Wohnen, Kochen, Essen – alles geht fließend inein­ander über und unterstreicht die Offenheit des Entwurfskonzepts.
Die Fensterfronten reichen von Wand zu Wand. Besonders wichtig in der Planung war der größtmögliche Erhalt des alten Baumbestands auf dem Grundstück.

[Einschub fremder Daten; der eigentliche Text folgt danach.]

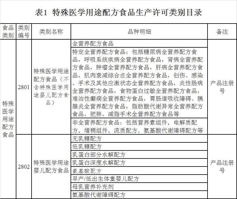 表1 特殊醫學用途配方食品生產許可類別目錄
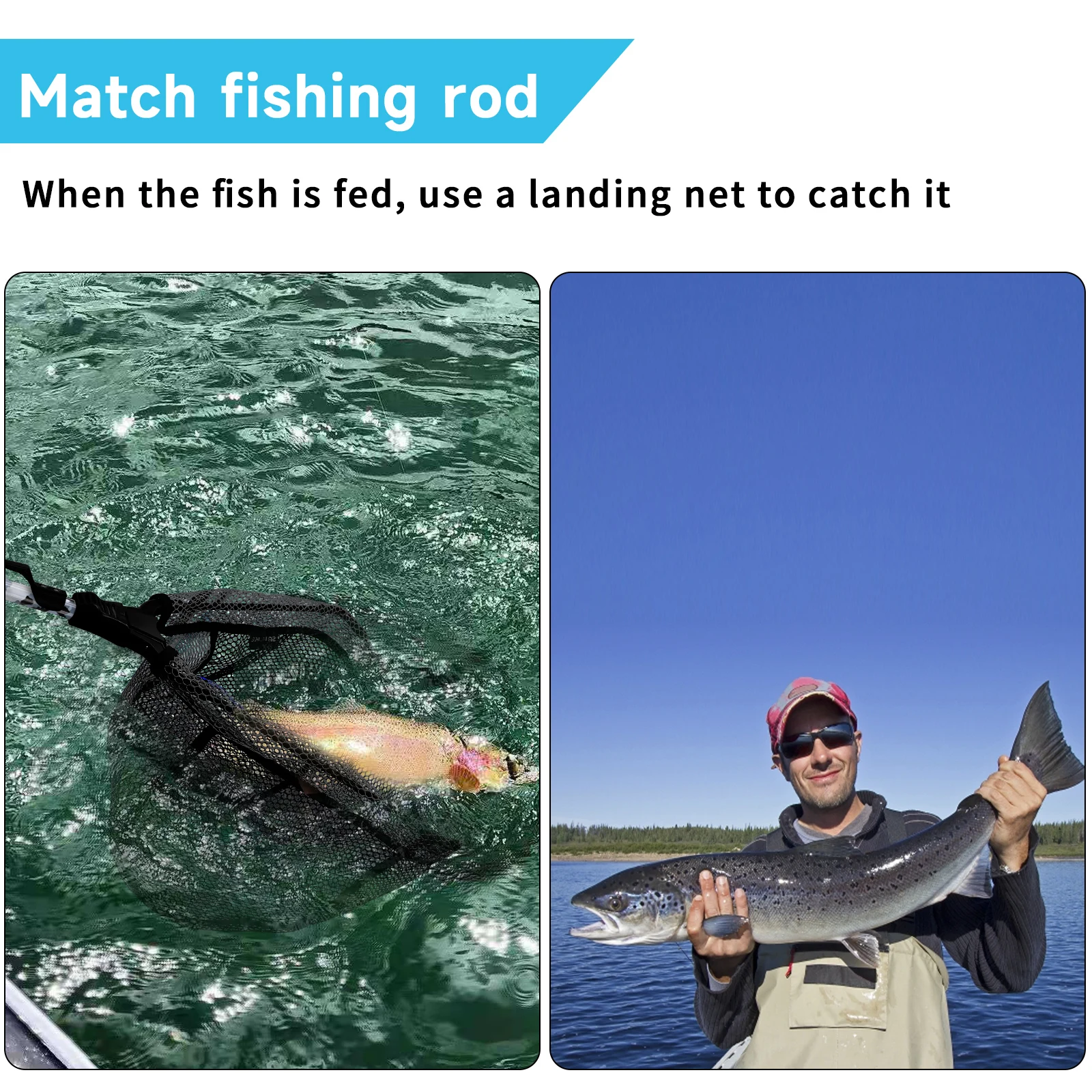 4. ¡Las redes retráctiles son adecuadas para todos los pescadores! La caña de fibra de vidrio es ligera pero de diseño robusto y viene con clips para enganchar en su chaleco de pesca para mayor comodidad.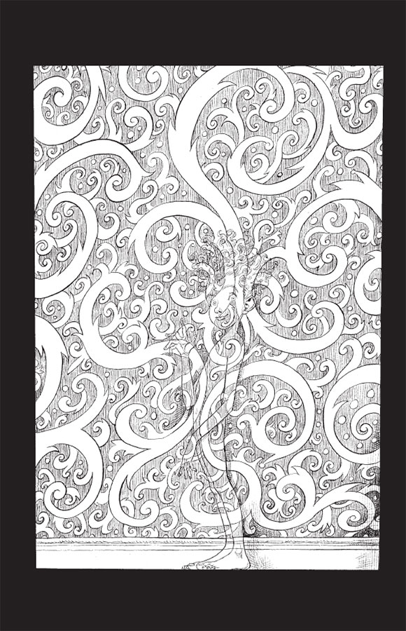 Ада обратила внимание, что на Эмили по-прежнему ее широкие мягкие тапочки для улицы. По стене пробежала рябь, и от нее отделился Уильям. «Оденься, Уильям!» – приказала ему сестра. Еще одно колыхание обоев, Уильям исчез в тени и через мгновение появился снова – на сей раз в развевающейся ночной рубахе.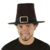 This ultra suede Pilgrim Hat is as deluxe novelty style perfect for your Thanksgiving reenactment this year! Top your puritan or pilgram costume with this hat featuring a tapered crown and flat brim trimmed with a classic grosgrain ribbon hat band and gold buckle.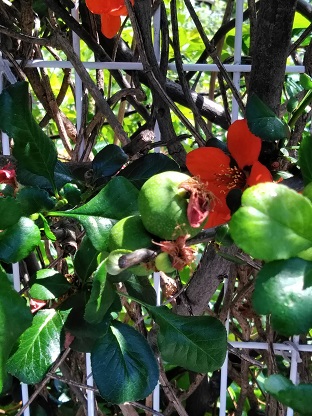 ボケ(木瓜)ですが、そろそろ終わりかけ,もう実がなっています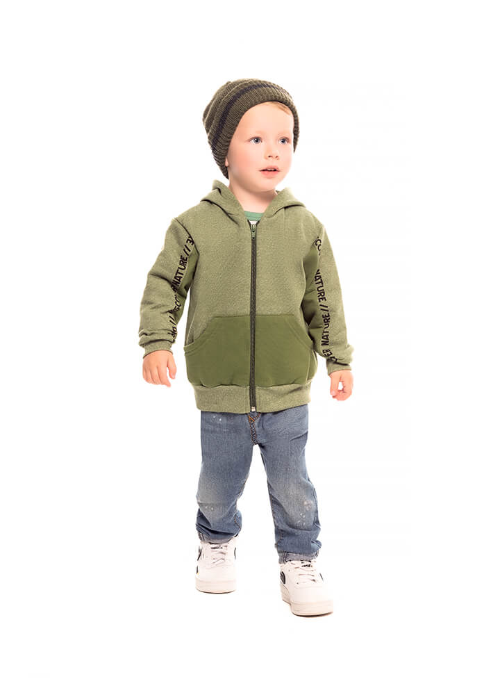 Jaqueta infantil masculina da Dila, moletom flanelado, verde pesto, aberta, faixa com escrita nas mangas, zíper, capuz, bolso na frente em verde mais escuro, punho na manga e barra. Compre já.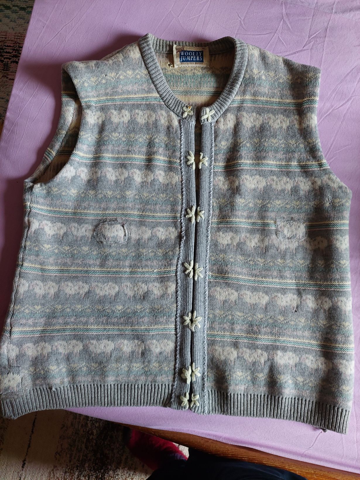 Ostin Uudesta Seelannista villatakin.Tein siitä liivin.
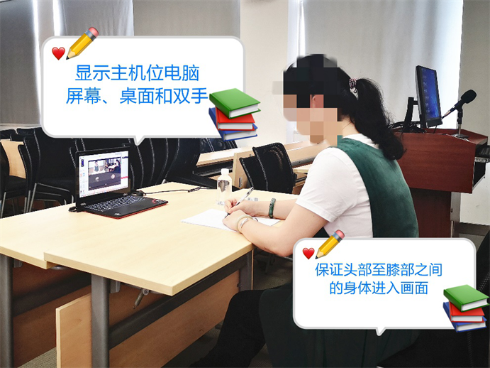 主机位电脑摄像头对准考生本人,辅机位设备摄像头从考生后方成45°拍摄。要保证考生考试屏幕能清晰地被监考员看到。双机位均需确保摄像头视角能看到考生考试的桌面和双手。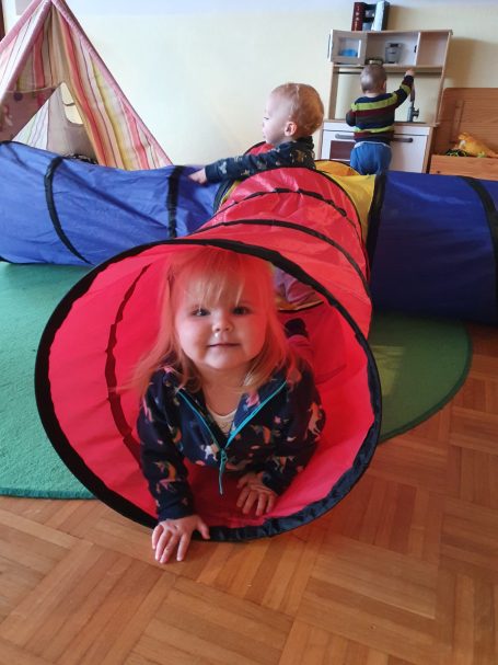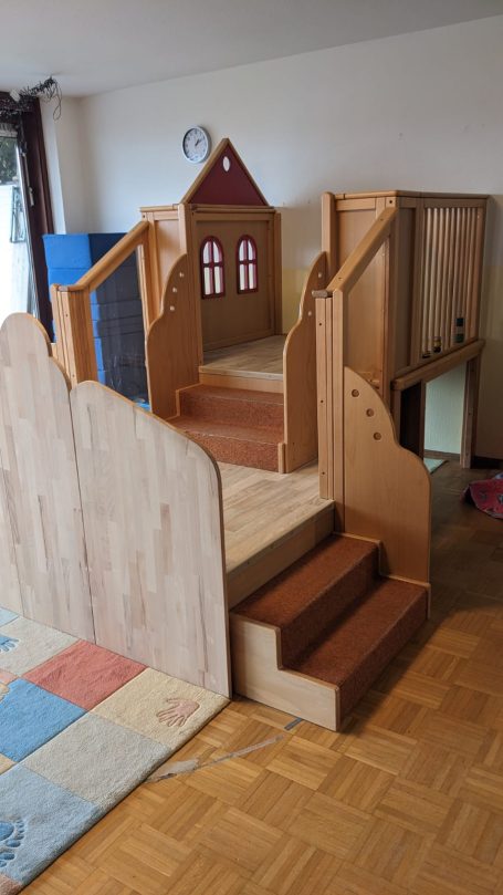 Der große Gruppenraum ist unser Hauptdarsteller. Hier finden unser Morgenkreis und unsere Musikeinheiten statt, es gibt eine Hochebene, Spielzeugregale, Spiegel, eine Spielküche, Bewegungsbausteine und ganz viel Platz zum Toben und Spielen.
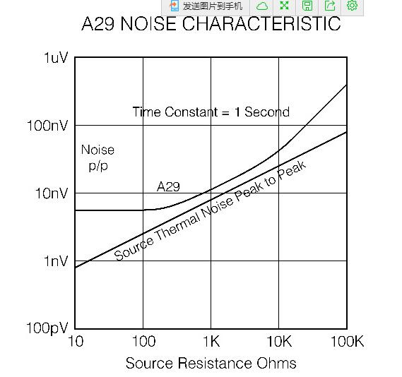 在源电阻从等效噪声电阻值至50kΩ的范围内,A29遵循热噪声特性。当源电阻在1kΩ至50kΩ的范围内,总噪声仅比源噪声略为增加,每十倍频噪声增加10dB。在源电阻高于50kΩ时,噪声每十倍频增加10dB,因此总噪声每十倍频增加20dB。在源电阻低于1000Ω时,电压噪声为常数。放大器等效噪声电阻为700Ω。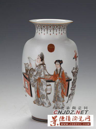 周先生獨創(chuàng)的墨彩描金的一整套工藝,是景德鎮(zhèn)藝術陶瓷巧奪天工、技藝精湛的又一里程碑,每一道工序上都有他實踐中摸索、創(chuàng)造出來的“絕活”,這讓夏忠勇一生受用不盡。他在線描上下的功夫,是普通陶瓷繪畫者望塵莫及的。他以線描為基礎,用線來造型。而且他在色彩上也十分講究,諳熟色彩的水性、油料性,始終保持著用色少“墨色濃淡、雅潔宜人”的藝術效果。在構圖上有時采用了繡像畫的。舍棄了不必要的背景,以白襯黑使主題更為突出,更能突出景德鎮(zhèn)瓷白如玉和造型的獨特完美。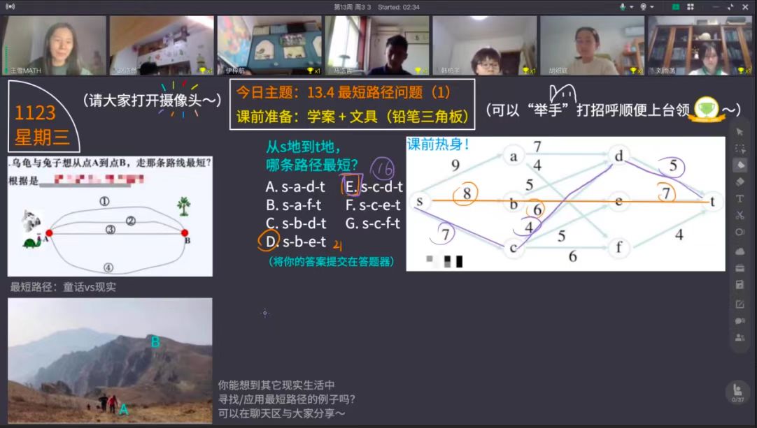 王雪老师将最短路径问题通过线上课的方式呈现。课前设计选取最短路线的数学游戏富有趣味性的引入课堂主题。发答题器根据学生实时数据统计进行分析讲解;发小黑板让每个学生独立思考画图感知最佳方案;随机选人进行课题阅读分析、抽象提炼等。不仅充分调动激发了学生参与思考的积极性,更实现了教学评一体化的目标。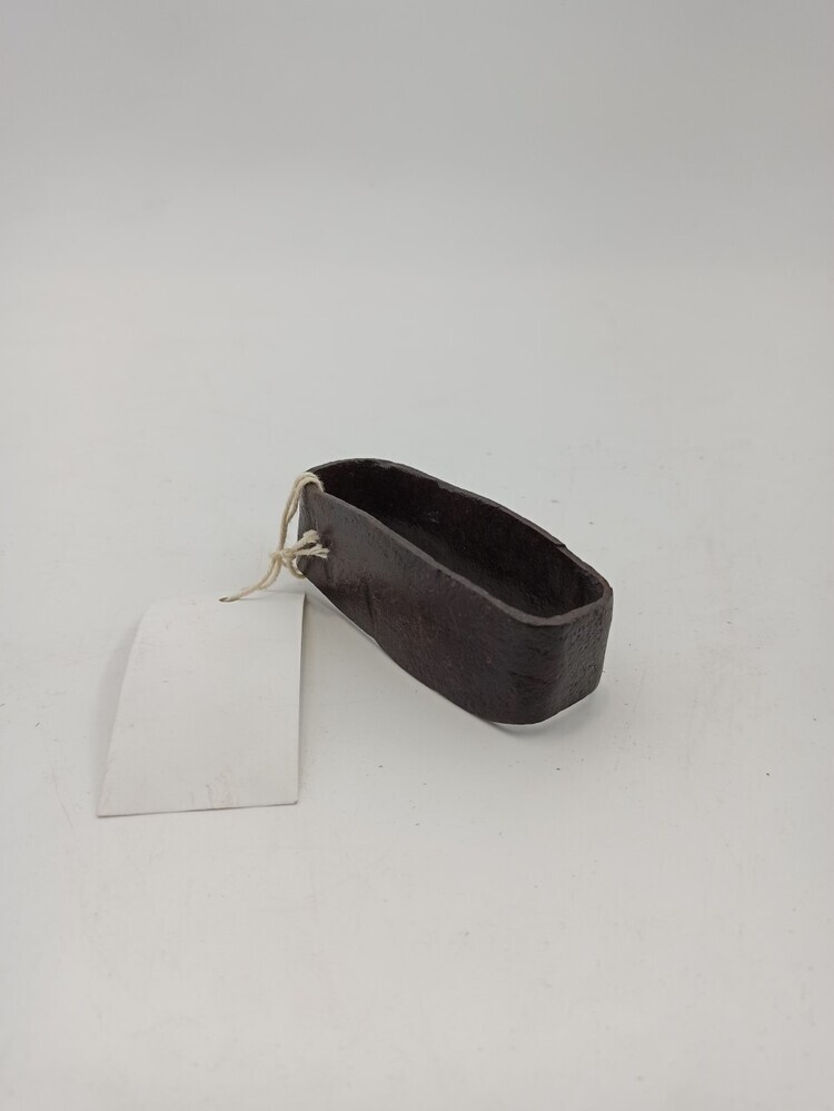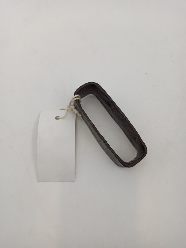 Ovale ijzeren ring, vervaardigd uit een band waarvan de uiteinden aan elkaar zijn geklonken. Op de stamkaart: gebroken schakel hoort bij ketting 100 en haak 226. (inmiddels in pijnkelder). Waarschijnlijk [...]. Voet en lijfbeugels. Dit is een ovale ring van metaal h 3.6 x bg 5 x d 3.3.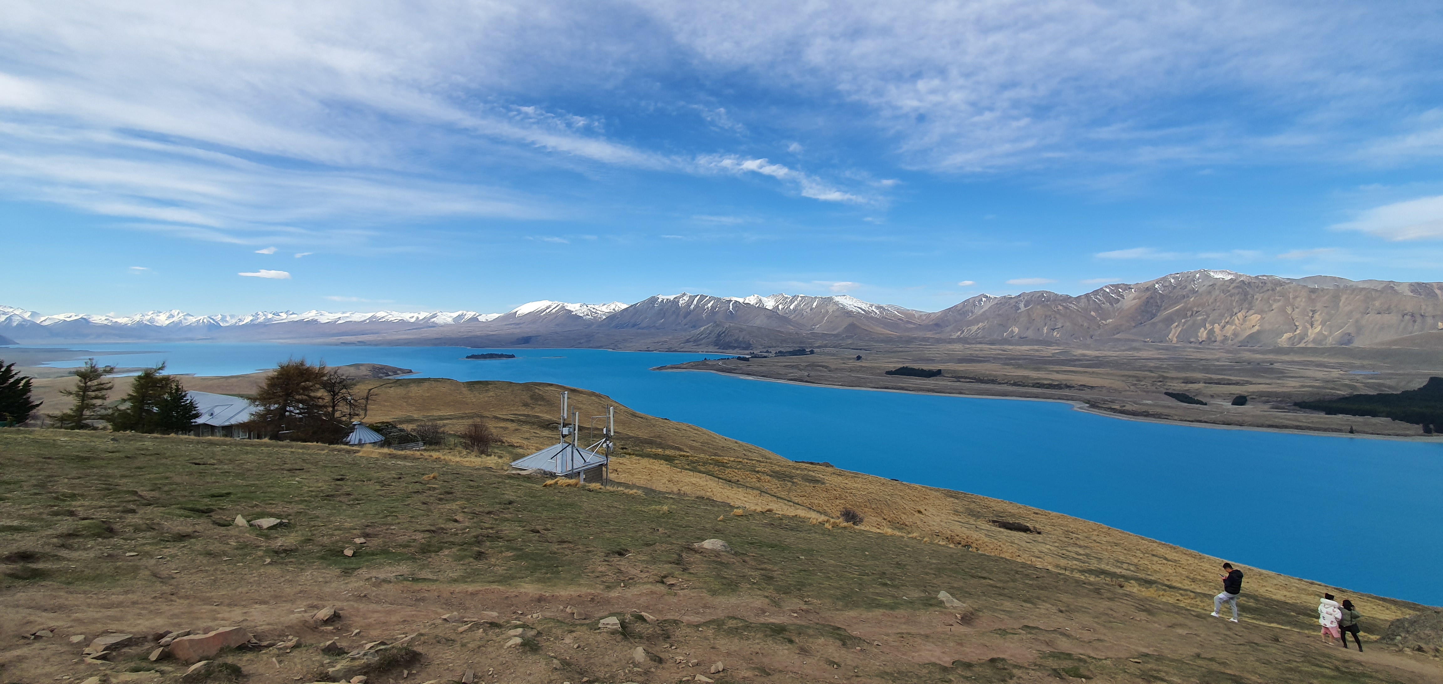 조금만 걸어 올라가면 테카포호수를 위에서 바라보는 뷰를 만나실 수 있습니다! 바람도 시원하게 불면서 이런 뷰를 감상하고있으니 가슴이 웅장해지는 느낌이 들더라구요!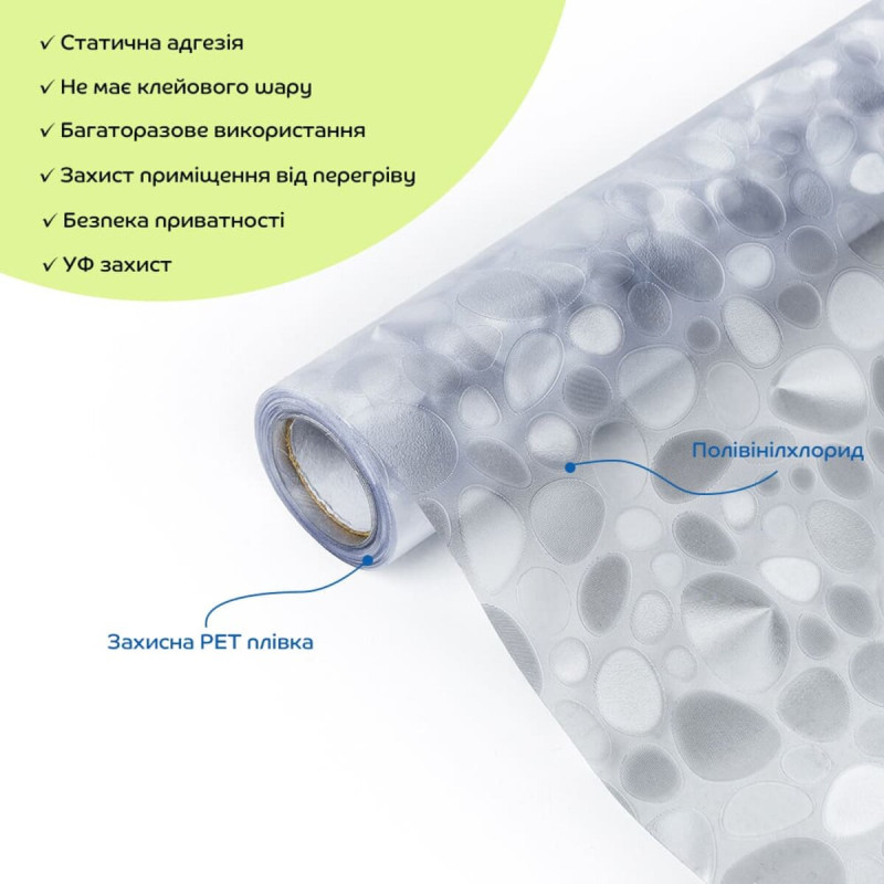 • Універсальність та легкість в монтажі: ПВХ плівки можна легко різати ножицями або монтажним ножем, що дозволяє використовувати їх у різних місцях: на вікнах, розсувних дверях, кухонних шафах та інших скляних поверхнях.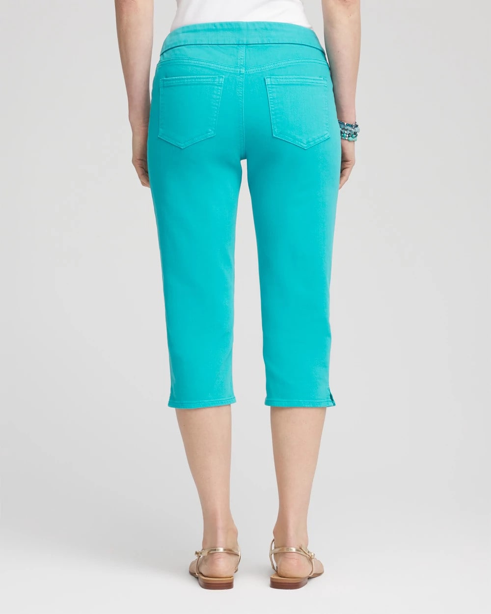 Style and comfort come together for our 17″ Pull-On Capri Jeans. This design features high-stretch cotton-blend fabric with a clean, low-rise waistband that stays in place seamlessly. Featuring a vented hem for comfort and movement. These essential capri pants can be worn with tanks, tees, and linen tops.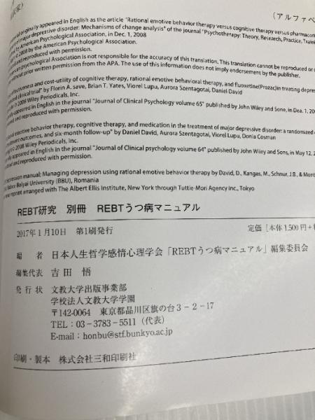 REBT研究 別冊 REBTうつ病マニュアル 文教大学出版事業部 日本人生哲学感情心理学会「REBTうつ病マニュアル」編集委員会
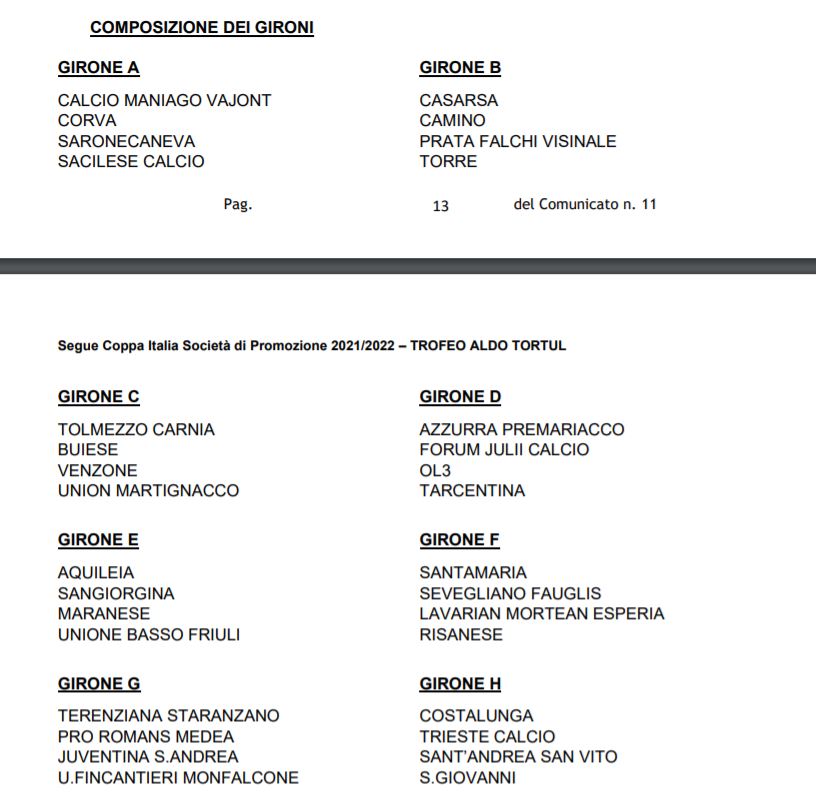 Ufficializzati anche i gironi di Coppa Italia di Promozione Fvg, con il Tolmezzo Carnia inserito nel girone “C” assieme a Bujese, Venzone e Union Martignacco.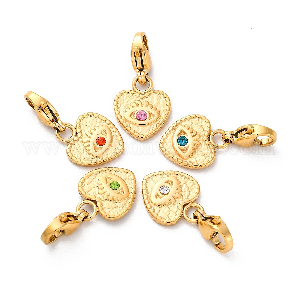 Сердце 304 подвеска из нержавеющей стали со стразами украшения, с застежкой в виде клешни лобстера, ионное покрытие (IP), реальный 14 k позолоченный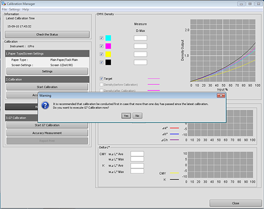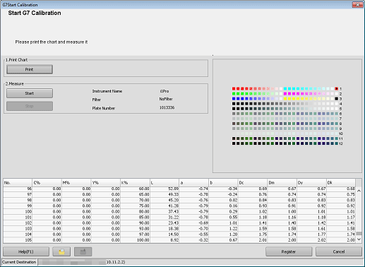 supplementary explanationIf Start G7 Calibration is not displayed on the screen, click Show G7 Calibration to display it.

Die Fassade ist mit gebäudehohen Industrieglastafeln verkleidet. »Konstruktiver« Wetterschutz: so entfällt das Streichen der Fassade komplett.
Eine weitere konstruktive Besonderheit: die
Montage der zellulosegedämmten Wandteile erfolgt ausschließlich durch simple
Steckverbindungen mit Metallbolzen. Die
Decke über dem Erdgeschoss ist als HolzBeton-Verbunddecke ausgeführt, die ebenfalls biegesteif mit den Wänden verbunden
wurde. Die Verbundkonstruktion erwies sich
als sehr effizient, was das geringe Schwingungsverhalten und die gute Schalldämmung betrifft – anders als Konstruktionen in
herkömmlicher Holzrahmenbauweise und
mit Holzbalkendecke. Die konstruktive Ausführung als biegesteifer Rahmen machte
aussteifende Zwischenwände überflüssig.
Ein großer Vorteil für das Haus am See,
denn die Zwischenwände bleiben anpassbar und das Haus kann ohne Eingriffe in die
Statik durch weitere Module ergänzt wer-
den. Die Fassade ist mit gebäudehohen
Indus­trieglastafeln verkleidet und gehalten
in Stahlprofilen. Kühle Luft strömt durch den
4 cm schlanken Puffer von unten ein, wird
über ihren Weg durch die Zwischenhaut
erwärmt und strömt oben wieder aus. Das
Prinzip eines riesigen Luftkollektors, der die
Passivhausfunktion des Gebäudes noch
unterstützt. Diese zusätzliche Energiequelle
ist in den Energieausweis des Hauses nicht
einmal eingeflossen. Der darin errechnete
Wert von 1,3 l Heizöl/m2a wird jetzt im Gebäudebetrieb sogar noch unterschritten.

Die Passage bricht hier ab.